# Kill-a-watt



## Ghosty (Jan 17, 2005)

"Nice watt, VA, amp, volt, frequency, kilowatt-hour meter, and hour meter. Also check the quality of your power by monitoring Voltage, Line Frequency, and Power Factor. Displays Volts, Amps, Watts, Hz, VA"

I got one of these this summer for seeing how much all the stuff i was plugging into the trailer drew and why i was blowing fuses in th Outback .... it worked great ....

I paid almost 50.00 for mine and now see the price is dropping allot ...

I also started using it in the house and realized that all these TVs and computers I had drew allot of current even when off (off but on standby) .. and that beer cooler i left plugged in all year but only used in the summer months (FEB-NOV







) and that stereo I rarely used that drew enough to total 30.00 a year, etc etc...

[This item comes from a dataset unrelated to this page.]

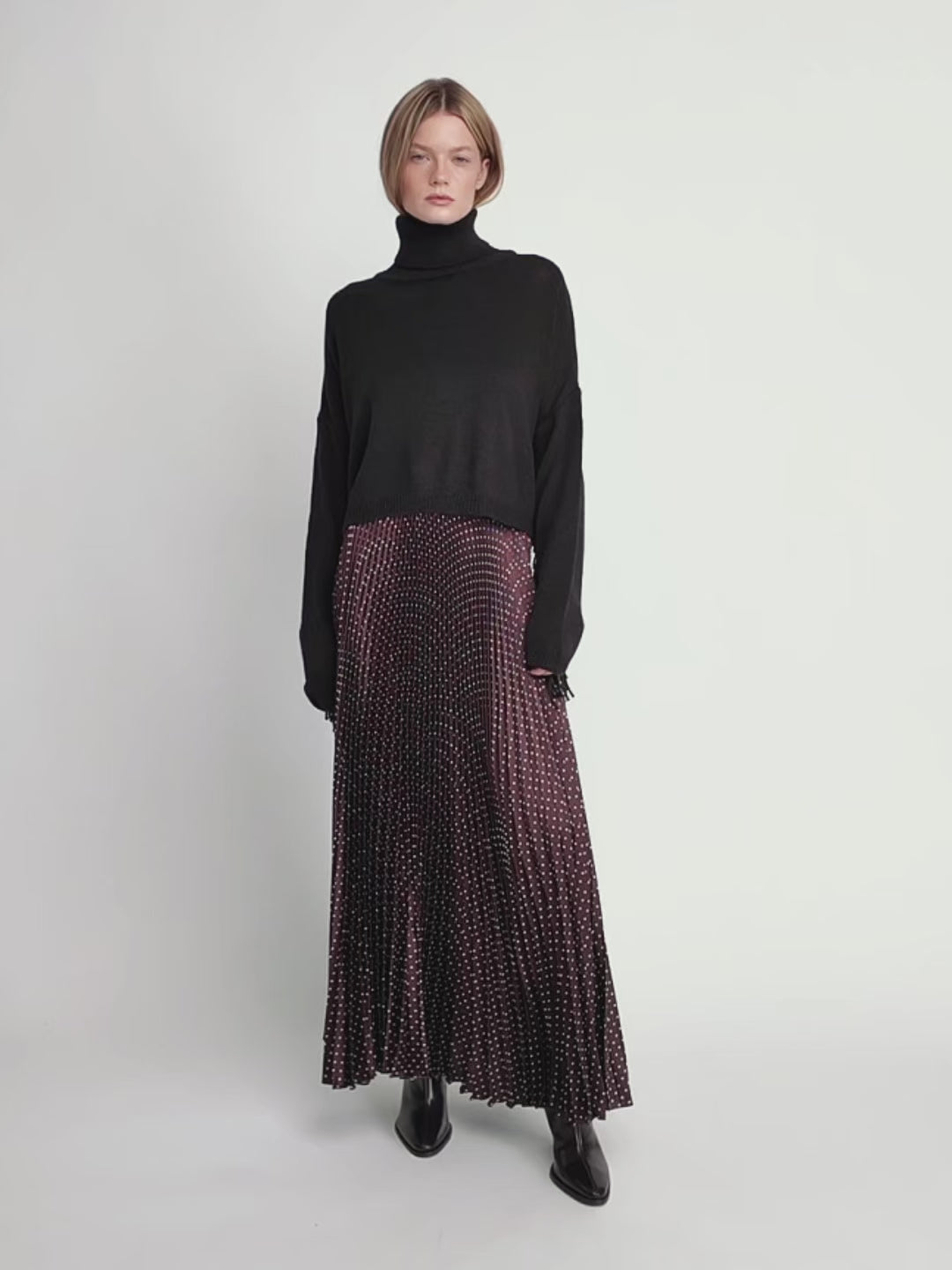 A modern knit with a playful edge. This turtleneck sweater features soft ribbed detailing and statement fringe along the sleeves and hem, adding movement and texture to a timeless silhouette. Effortlessly stylish, it pairs beautifully with denim or tailored pants for a chic, bohemian-inspired look.

paid for itself in a month after I started actually unplugging things i din't use or need during the day...

just thought i throw this out to ya ... but if you want to see how much that toaster is drawing off the Outback and why your generator won't handle the load -- this is great ...

kill-a-watt meter

pdf for the device

Add to cart for $23.99 
Use coupon: silverbells 
Final Price: $23.99 - coupon = $18.99 Free Shipping


----------



## z-family (Oct 2, 2004)




----------



## Oregon_Camper (Sep 13, 2004)

Love the idea, but I think I'd be shocked at how much power my computers and toys consume.

Guess some things I just don't need know.


----------



## N7OQ (Jun 10, 2006)

That is a good deal, I paid like $35 2 years ago for mine. I love mine works great in the trailer. It is also a good way to find what is making your utility bill so large, like that extra old refrigerator in the garage. The only thing I don't like about is that it has no battery back up so when you unplug it all the info goes away. A USB out put would be nice too, but for that price it not a big deal. Buy one you will not regret it.


----------



## ED_RN (Jun 25, 2006)

All right,who bought them all. They are sold out. for $23.00 bucks everyone should have one.


----------



## Ghosty (Jan 17, 2005)

wow -- i guess your are right -- it says -- "The P3 International P4400 Kill A Watt - Free Ground Shipping is not currently available. Please contact us for availability of this item. "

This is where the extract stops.